Protein aggregation, once thought to be a characteristic of diverse diseases such as Alzheimer’s or Parkinson’s disease, is now considered to be more of a generic property of polypeptide chains [22]. I found that the overall strength of aggregation nucleating regions per protein significantly decreased with gene age, albeit weakly (Spearman’s correlation, r = − 0.11, P < 0.0001) (Fig. 1c). Additionally, it was also reported that proteins with high turnover were found to have an increased propensity to aggregate [23]. Together, this suggests that older proteins have a lower tendency to aggregate than younger ones.
Since it was demonstrated that the predicted extent of intrinsically unstructured protein (IUP) levels negatively correlated with protein half-lives [24], protein structure may itself be influenced by protein age. Indeed, the levels of unstructured regions in human proteins significantly decreased with increasing protein age (Spearman’s correlation, r = − 0.18, P < 0.0001) although there is a minor decrease rather than increase from chordates to mammals (Fig. 1d). When analyzing yeast Saccharomyces cerevisiae genes the same way, there was an even more pronounced correlation between protein structure and gene age (Spearman’s correlation, r = − 0.35, P < 0.0001) (Additional file 2: Figure S2a). In addition, when comparing different species, prokaryotes have been found to exhibit significantly less disordered proteins compared to eukaryotes [25, 26]. Thus, longer existing proteins are on average more structured as was independently demonstrated in a recent study [27].
Protein abundance in a data set can be approximated by summed MS peptides intensities [28, 29] as the measured peptide signal is greater for abundant proteins. In the HeLa data set, protein abundance was another molecular attribute that changed over time, as older human proteins were significantly more abundant (Spearman’s correlation r = 0.12, P < 0.0001) (Fig. 1e). Similar trends have been observed before [30] albeit often without statistics to support it. In the present study, the MS HeLa protein abundance analyses were not skewed towards high abundant proteins since abundance varied over five orders of magnitude and exhibited a bell-shaped distribution (Additional file 2: Figure S2b). Moreover, almost one hundred human transcription factors, i.e. proteins considered to be of low abundance, were detected in the HeLa lysates [11]. Similar to protein abundance, mRNA abundance was also significantly higher for old genes compared to young ones (Spearman’s correlation r = 0.34, P < 0.0001) (Additional file 2: Figure S2c).
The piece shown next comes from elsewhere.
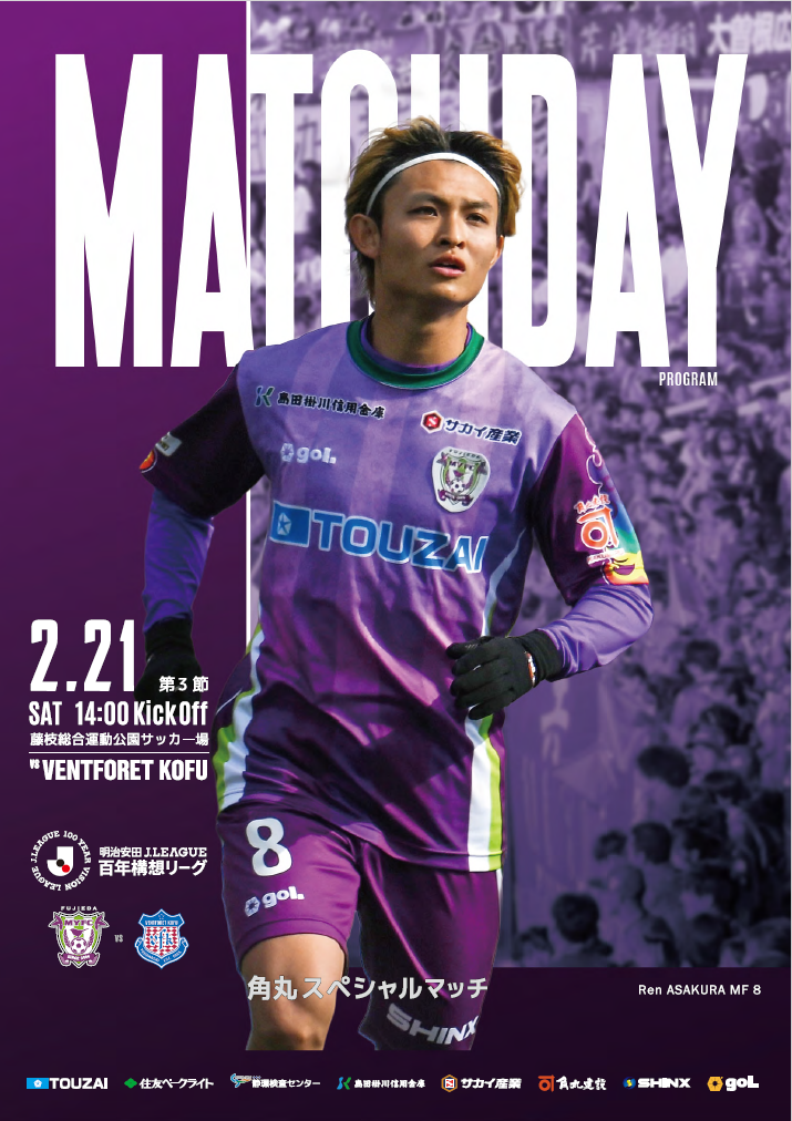 2月21日(土)14:00キックオフ、ヴァンフォーレ甲府戦のマッチデープログラムを公開します。

RNA half-lives were larger for old genes compared young genes (Spearman’s correlation for human, r = 0.23, P < 0.0001; Spearman’s correlation for mouse, r = 0.26, P < 0.0001) (human in Fig. 1f, mouse in Additional file 2: Figure S2d). Analysis of RNA secondary structure in Saccharomyces cerevisiae genes revealed a higher level of structure, i.e. a higher average Parallel Analysis of RNA Structure (PARS) score [31], for older genes with prokaryotic orthologs (0.28 vs. 0.23, P < 0.0001, Mann-Whitney test) compared to younger genes without orthologs.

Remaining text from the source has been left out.